**Task instructions**: Taking the entries below, transcribe only the lines starting with the one with "홈페이지에 들어가면 이런 화면이 나오는데, 자동차 보험을 선택하세요~" and going on through the one with "中国建设工程造价管理协会 关", exactly as written, without the pictures.

**Information**:

====

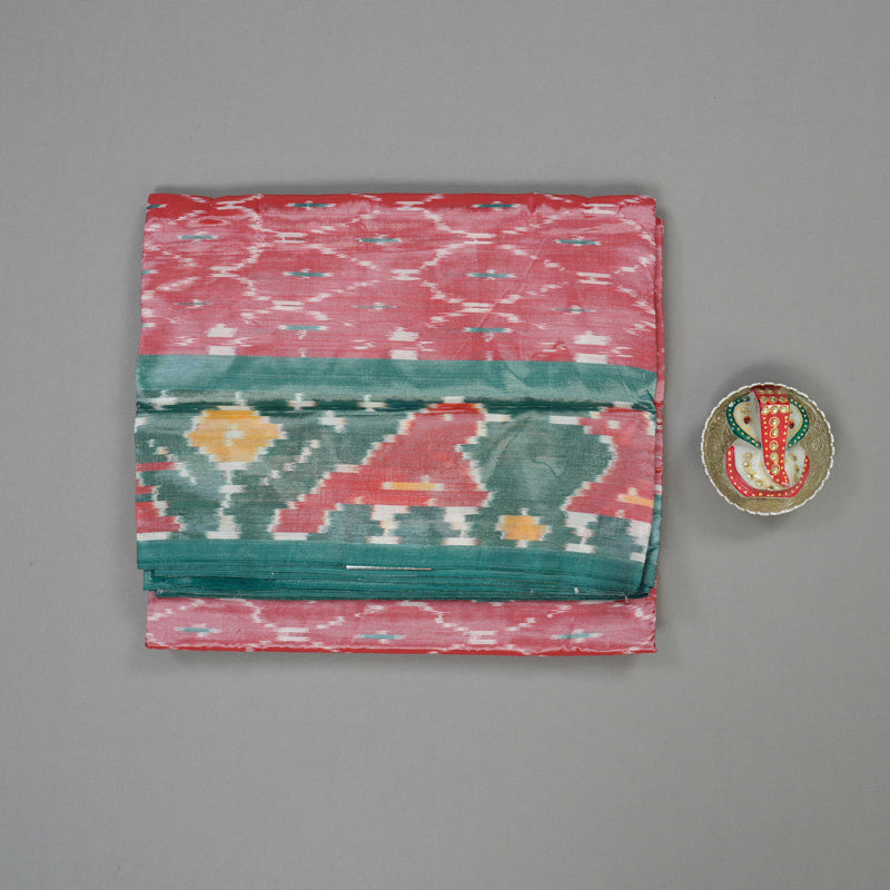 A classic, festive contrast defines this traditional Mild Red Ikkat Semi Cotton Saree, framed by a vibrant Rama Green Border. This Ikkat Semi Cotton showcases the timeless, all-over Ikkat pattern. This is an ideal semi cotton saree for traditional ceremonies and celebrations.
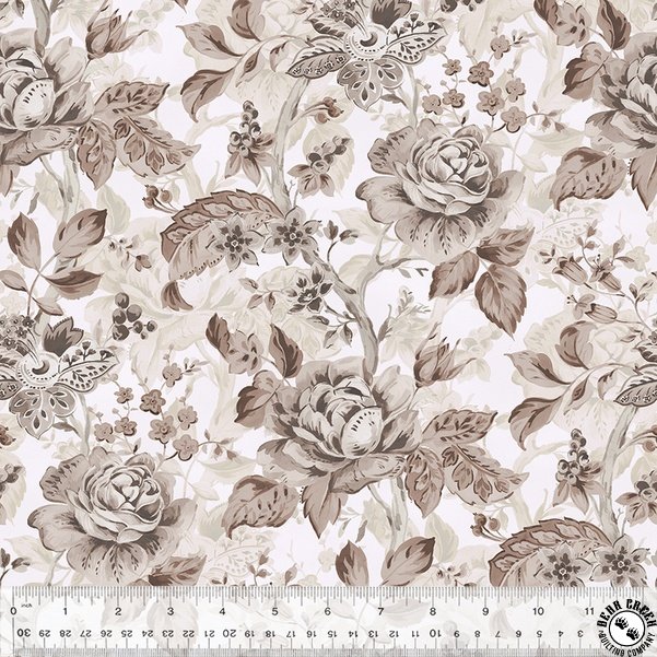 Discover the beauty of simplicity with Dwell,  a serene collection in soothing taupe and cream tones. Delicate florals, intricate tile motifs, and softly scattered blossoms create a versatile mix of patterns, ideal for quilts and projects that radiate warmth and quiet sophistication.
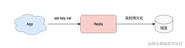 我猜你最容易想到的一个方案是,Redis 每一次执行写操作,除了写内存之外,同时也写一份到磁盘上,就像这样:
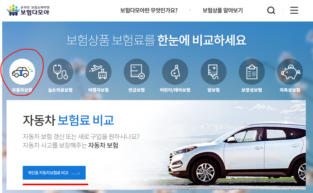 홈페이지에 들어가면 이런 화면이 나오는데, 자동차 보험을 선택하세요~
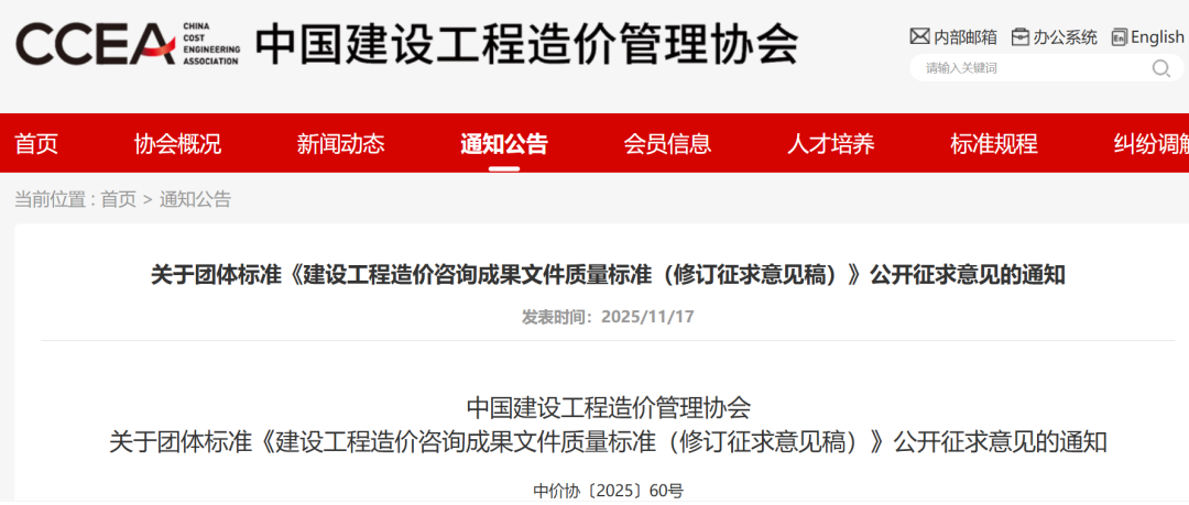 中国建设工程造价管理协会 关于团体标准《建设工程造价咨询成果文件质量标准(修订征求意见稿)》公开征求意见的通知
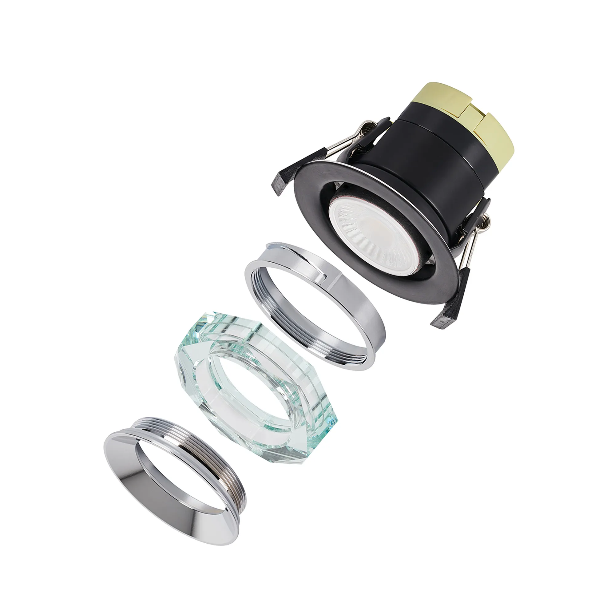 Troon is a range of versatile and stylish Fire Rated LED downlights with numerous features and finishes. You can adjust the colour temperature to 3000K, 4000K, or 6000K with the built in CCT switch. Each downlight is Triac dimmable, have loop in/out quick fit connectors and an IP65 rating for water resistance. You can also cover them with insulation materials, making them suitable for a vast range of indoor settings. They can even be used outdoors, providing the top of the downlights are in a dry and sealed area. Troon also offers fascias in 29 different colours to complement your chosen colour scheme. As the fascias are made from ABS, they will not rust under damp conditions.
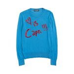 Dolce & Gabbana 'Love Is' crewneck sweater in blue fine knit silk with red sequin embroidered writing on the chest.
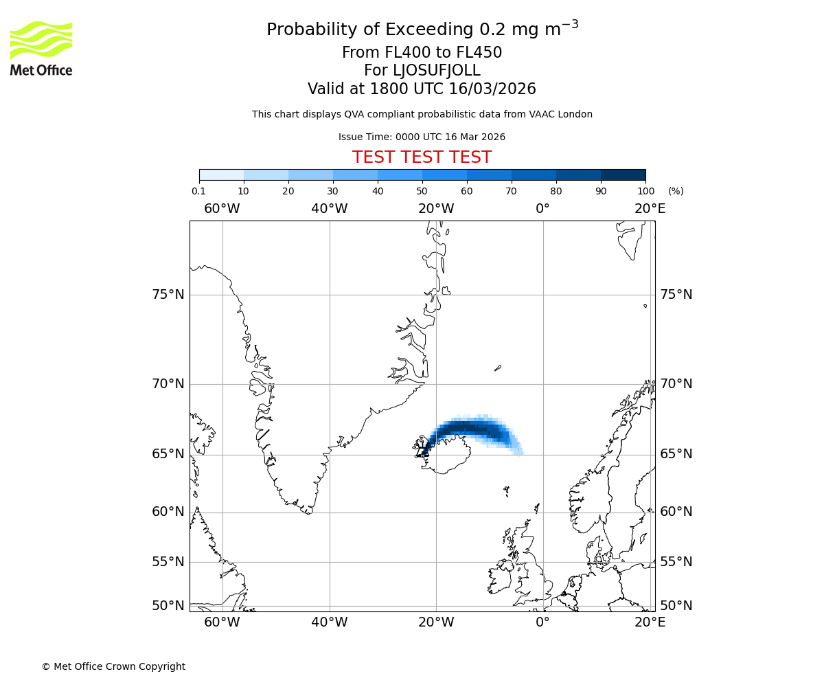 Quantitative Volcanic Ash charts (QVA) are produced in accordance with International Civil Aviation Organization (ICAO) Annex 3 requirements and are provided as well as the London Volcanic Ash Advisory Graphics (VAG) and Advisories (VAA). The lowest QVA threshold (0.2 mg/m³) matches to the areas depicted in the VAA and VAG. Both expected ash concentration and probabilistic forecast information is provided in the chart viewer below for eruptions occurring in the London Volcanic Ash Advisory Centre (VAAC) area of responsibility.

====

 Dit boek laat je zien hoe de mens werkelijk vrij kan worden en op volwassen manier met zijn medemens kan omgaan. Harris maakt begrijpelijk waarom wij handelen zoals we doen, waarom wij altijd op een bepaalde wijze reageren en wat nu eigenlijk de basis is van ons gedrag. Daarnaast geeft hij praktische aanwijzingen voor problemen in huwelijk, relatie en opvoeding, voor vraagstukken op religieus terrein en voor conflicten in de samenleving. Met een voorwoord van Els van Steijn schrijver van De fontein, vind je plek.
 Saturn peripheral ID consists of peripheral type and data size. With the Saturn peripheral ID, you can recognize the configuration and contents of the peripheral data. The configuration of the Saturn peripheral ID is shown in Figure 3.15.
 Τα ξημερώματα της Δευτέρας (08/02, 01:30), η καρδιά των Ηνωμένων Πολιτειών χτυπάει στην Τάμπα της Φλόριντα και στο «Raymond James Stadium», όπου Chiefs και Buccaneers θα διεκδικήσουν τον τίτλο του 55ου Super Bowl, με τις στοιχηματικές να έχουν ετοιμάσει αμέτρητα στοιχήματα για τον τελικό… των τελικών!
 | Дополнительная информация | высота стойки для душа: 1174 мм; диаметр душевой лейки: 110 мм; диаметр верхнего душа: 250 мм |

====

**Answer section**:
 홈페이지에 들어가면 이런 화면이 나오는데, 자동차 보험을 선택하세요~
 中国建设工程造价管理协会 关于团体标准《建设工程造价咨询成果文件质量标准(修订征求意见稿)》公开征求意见的通知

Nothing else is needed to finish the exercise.